The Biden administration’s conveniently malleable definition of ‘recession’

On Thursday morning, the U.S. Bureau of Economic Analysis is expected to announce that real GDP has declined for the second quarter in a row. According to one common definition, two consecutive quarters of negative growth qualifies as a recession. The White House says the definition of a recession is more complicated than that. Republicans say the administration is playing word games to prop up Biden’s poll numbers.

The conveniently malleable definition of a recession 

Last week, ahead of the release of the second-quarter GDP numbers, the Biden administration attempted to get ahead of the problem. According to a blog post on the official White House website, “While some maintain that two consecutive quarters of falling real GDP constitute a recession,” there are other factors that need to be taken into account. Conservatives were having none of it. “Apparently The White House is changing the definition of recession this week so we can pretend that we’re not in one,” Donald Trump Jr. tweeted Monday.

Newsweek fact-checker Tom Norton rated Trump Jr.’s claim “False” based on a pair of arguments. First, blog posts on whitehouse.gov frequently “make debatable claims or perpetuate mistruths” and “do not purport to be a dictionary of accepted government terms and metrics.” So, while the administration is seeking to cast doubt on what constitutes a recession, they didn’t officially change anything. And second, Norton claims that “there is no consensus among experts and authorities” as to the exact definition of a recession.

Oliver Wiseman suggested in The Spectator World that Norton might be missing the point. “Nowhere is Ronald Reagan’s famous mantra that ‘if you’re explaining, you’re losing’ truer than on economics,” he wrote. He also lumped the “recession” equivocation in with several other examples of the “[m]agical thinking” and “unserious spin” that characterize the Biden administration’s economic messaging.

The official metrics don’t matter

So are we in a recession? Treasury Secretary Janet Yellen says no. During a Sunday appearance on Meet the Press, she told host Chuck Todd she “would be amazed” if the National Bureau of Economic Research declared a recession while the labor market remains “extremely strong.”

Once again, though, it might not matter what official economic referees say. In National Review, Jim Geraghty proposed that a recession is more of a vibe than an objective state of being. “[I]n the American public’s mind, a recession is a de facto synonym for ‘economic bad times,'” he wrote. Team Biden’s biggest goal between now and November, Geraghty argued, “will be trying to convince Americans that they’re more prosperous than they feel,” though they’d probably “have an easier time convincing Americans that they’re taller than they feel.”

Geraghty also quibbled with Yellen’s characterization of the labor market, arguing that a “thriving economy” wouldn’t have 11.3 million unfilled jobs and just 6 million unemployed people to fill them.

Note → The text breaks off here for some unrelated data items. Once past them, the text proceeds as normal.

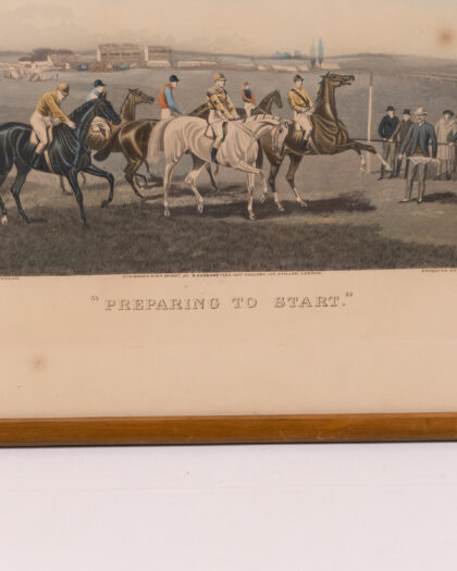 Vintage framed print of racehorses "Preparing to Start" by E.P. Walsh and C.H. Jeens in good condition. Perfect for a traditional home.
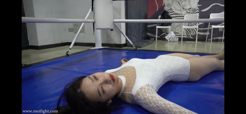 白色制服丝袜美女和男子对决,被全程蹂躏并摆出各种羞耻姿势,最终战败失去意识,昏迷不醒。
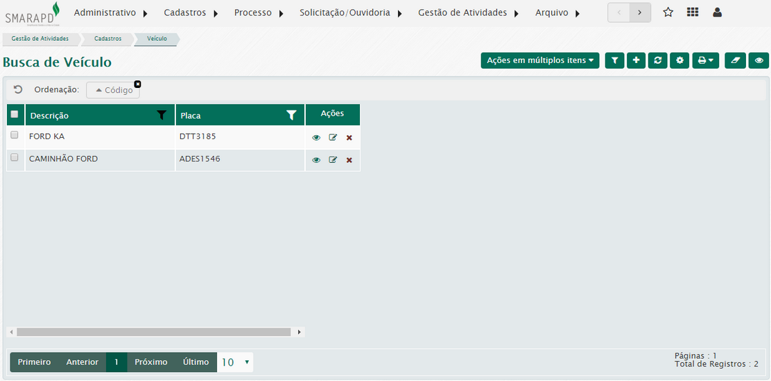 Para buscar um veículo acesse o menu Gestão de atividades / Cadastros / Veículos / Buscar.
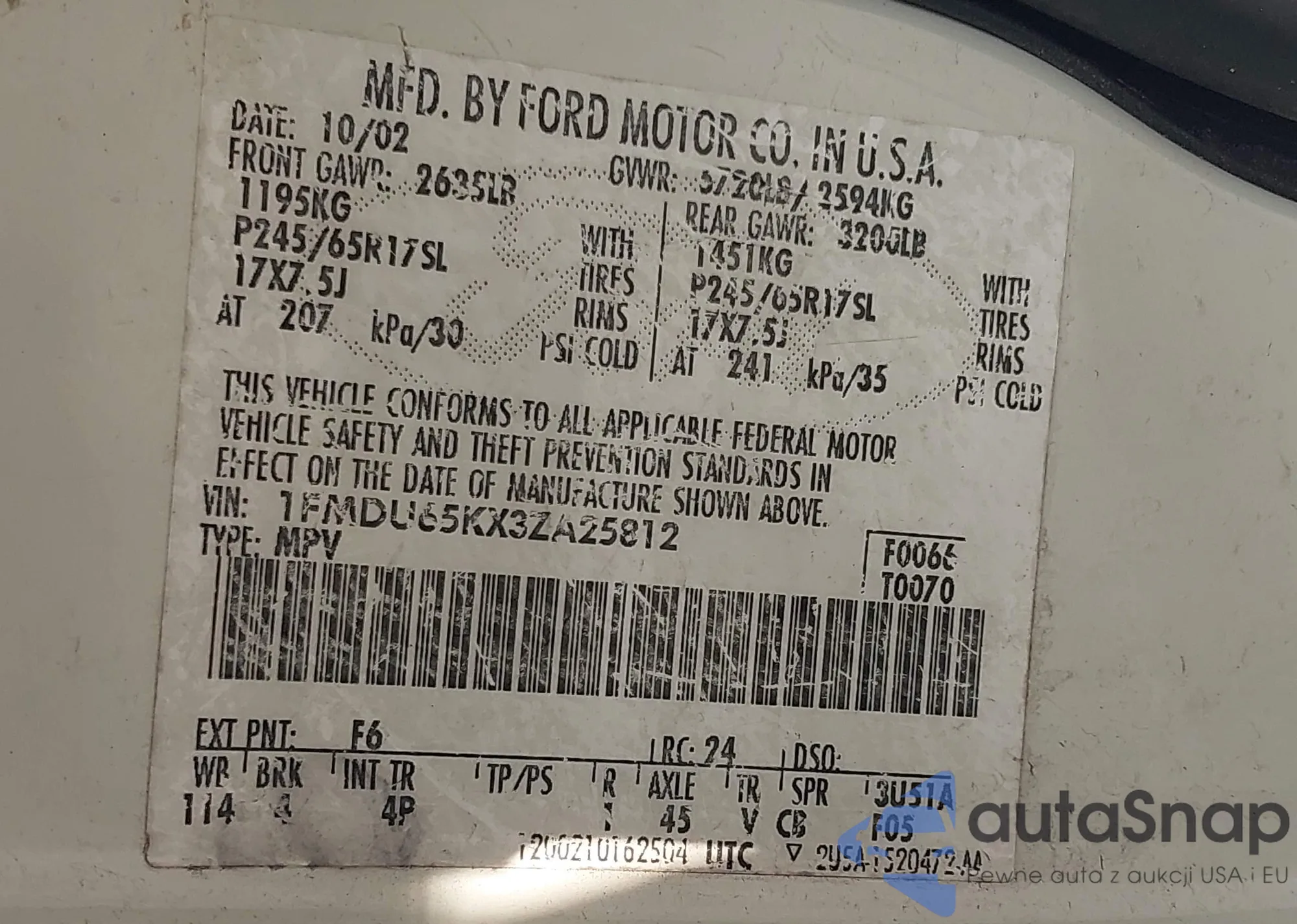 VIN: 1FMDU65KX3ZA25812
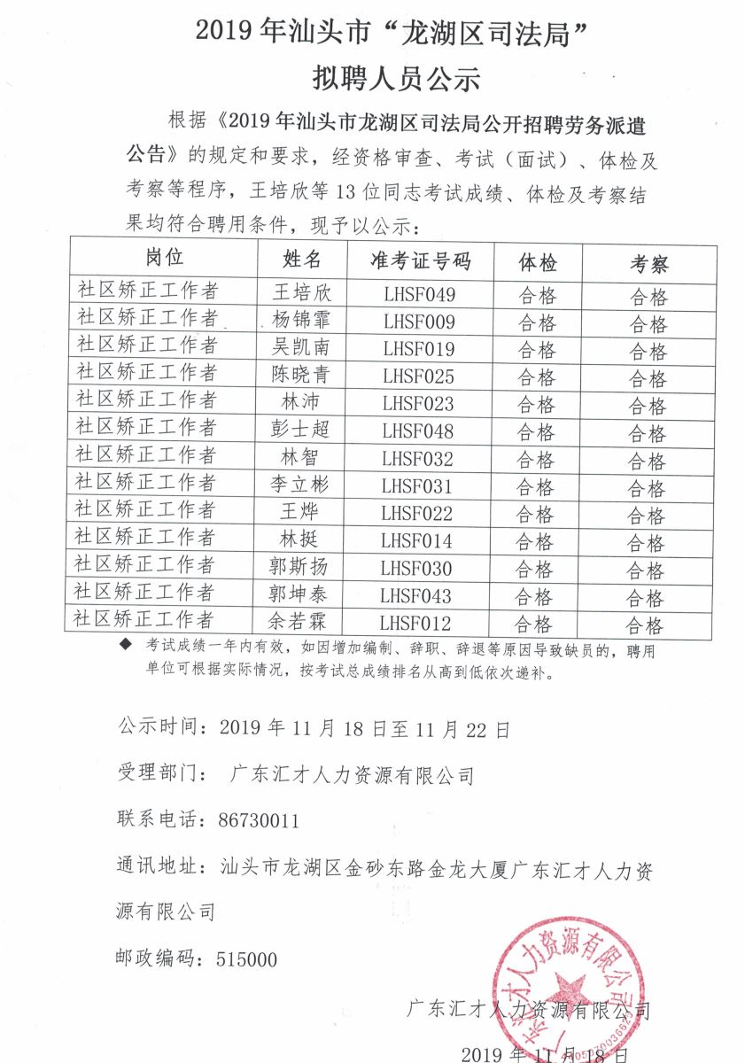 2019年汕头市龙湖区司法局拟聘人员公示

There’s blame to go around

The Biden administration has repeatedly described skyrocketing inflation as “Putin’s price hike” while downplaying the effects of government spending. Norton gave a similar explanation, blaming “supply chain disruptions post-COVID and the conflict in Ukraine” as “global influences beyond the reach of domestic governments.”

In a New York Times piece published the same day as the White House blog post questioning the definition of “recession,” Paul Krugman admitted that he was wrong about inflation and government spending. When Biden proposed the $1.9 trillion American Rescue Plan, “[e]veryone in the debate agreed that deficit spending would stimulate demand” and “that a stronger economy with a lower unemployment rate would, other things equal, have a higher inflation rate,” Krugman wrote. What he failed to predict was just how bad that inflation would be. Krugman places some of the blame on the war in Ukraine and COVID lockdowns in China but can only speculate about why this particular stimulus package preceded a bigger inflation surge than he’d anticipated.

Sen. Elizabeth Warren (D-Mass.) argued in a Wall Street Journal op-ed published Sunday that we aren’t in a recession yet, but if we end up in one, it’ll be the Federal Reserve’s fault. “With [Fed Chair Jerome] Powell expected to announce another round of aggressive interest-rate hikes, the Fed risks triggering a devastating recession,” Warren wrote. This “Fed-manufactured recession,” she warned, would “leave millions of people — disproportionately lower-wage workers and workers of color — with smaller paychecks or no paycheck at all.”

The Wall Street Journal‘s editorial board argued on Monday that lawmakers and the Federal Reserve will need to work in tandem to resolve the inflation crisis without massive shocks to the economy. Contra Warren, the board wrote that “the Fed’s overriding duty now is restoring stable prices.” Meanwhile, Congress should focus on “restoring pro-growth tax and regulatory policies.”